The seasonally adjusted IHS Markit/CIPS UK Manufacturing Purchasing Managers’ Index (PMI) was revised higher to 48.9 in November versus 48.3 expected and two-month lows of 48.3 – November’s first reading.
Output, new orders and employment all decline.
Stocks depleted and purchasing reduced following Brexit delay.
Rob Dobson, Director at IHS Markit, commented on the survey
“November saw UK manufacturers squeezed between a rock and hard place, as the uncertainty created by a further delay to Brexit was accompanied by growing paralysis ahead of the forthcoming general election. Downturns in output and new orders continued amid a renewed contraction in exports. The pace of job losses also hit a seven-year high as firms sought to reduce overheads in the face of falling sales. Destocking at manufacturers and their clients following the latest Brexit delay was a major contributor to the weakness experienced by the sector. Inflationary pressures meanwhile showed signs of moderating further, with input costs falling slightly for the first time since March 2016.”

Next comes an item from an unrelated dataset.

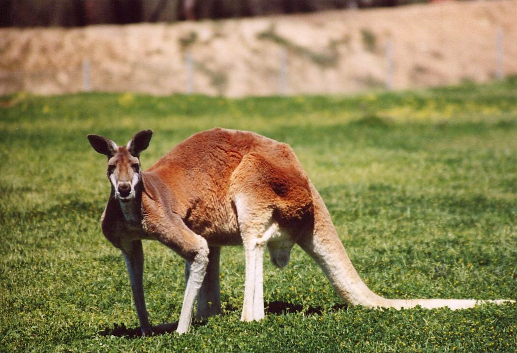 Red Kangaroo, photo taken at Western Plains Zoo, Dubbo, Australia
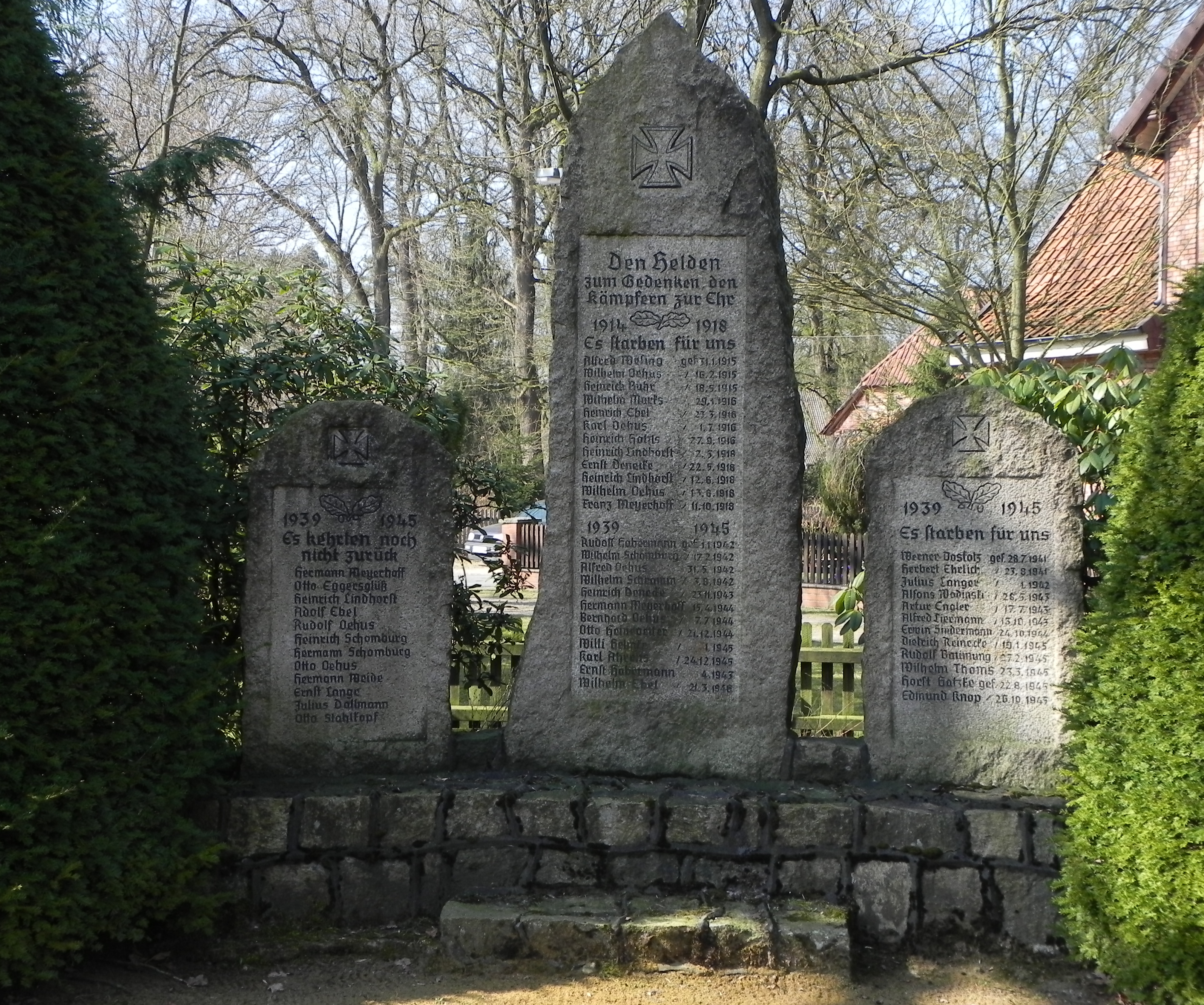 World War I and World War II War memorial in Becklingen, Niedersachsen, Germany

“Signs of a two-speed economy persisted, with intensifying business uncertainty leading to a further steep drop in demand for machinery and equipment as firms cut back on investment, but rising demand for consumer goods suggests that households continue to provide some support to the economy.”
The GBP bulls are rescued by the upward revision to the UK Manufacturing PMI for November, as GBP/USD bounces-off lows at 1.2900. At the press time, Cable trades at 1.2911, still down -0.11% amid UK political uncertainty.